For example, the following settor function is used to keep the shell variables home and HOME synchronized.

set-HOME = { |*|
 local (set-home = )
 home = $*
 result $*
}

This settor function is called when any assignment is made to the variable HOME. It assigns the new value to the variable home, but disables any settor function for home to prevent an infinite recursion. Then it returns its argument unchanged for use in the actual assignment to HOME.

Settor functions do not apply to lexically bound variables.

Primitives

Primitives are internal xs operations that cannot or should not (for reasons of performance) be written in the interpreter's language. The set of primitives makes up the run-time library for xs.

Primitives can be used with the syntax

$&name

A primitive can be used anywhere a lambda is expected. The list of primitives is returned as the result of running the primitive $&primitives.

For details on specific primitives, see the section entitled Primitives below.

Exceptions

Exceptions in xs are used for many forms of non-structured control flow, notably error reporting, signals, and flow of control constructs such as escape.

Exceptions are passed up the call chain to catching routines. A catcher may decide to intercept an exception, retry the code that caused the exception, or pass the exception along. There can only be one exception raised at any time.

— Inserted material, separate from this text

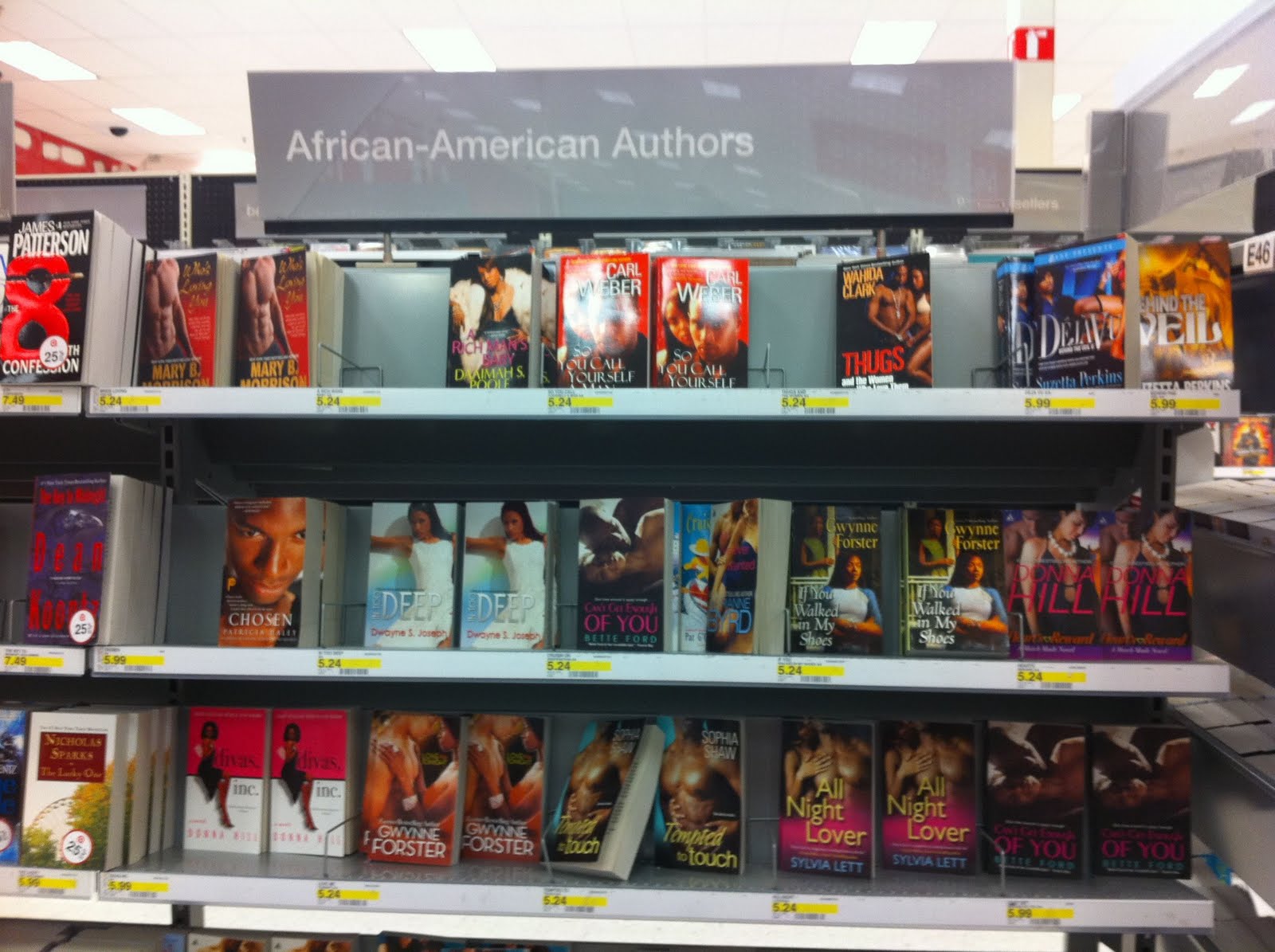 I couldn’t believe my eyes when I saw this in Target. Segregated books? Especially since it had been all over the news about Walmart separating out “black books” from “white books.” If it’s written by a African-American author and it’s about African-American characters, let’s put it with others of its kind, where it will be happiest. Walmart got bitch-slapped by the media for doing it. Target, apparently not wanting to reorganize its entire book department, came up with a solution: Fill its Recommended Reading shelf with all African-American authors, too:

Exceptions are represented by lists. The first word of an exception is, by convention, the type of exception being raised. The following exceptions are known:

eof
Raised by %parse when the end of input is reached.
error source message
A run-time error. Almost all shell errors are reported with the error exception. The default interactive loop and the outermost level of the interpreter catch this exception and print the message. Source is the name of the routine (typically a primitive) which raised the error.
retry
When raised from a signal catcher, causes the body of the catch clause to be run again.
signal signame
Raised when the shell itself receives a signal, and the signal is listed in the variable signals. Signame is the name of the signal that was raised.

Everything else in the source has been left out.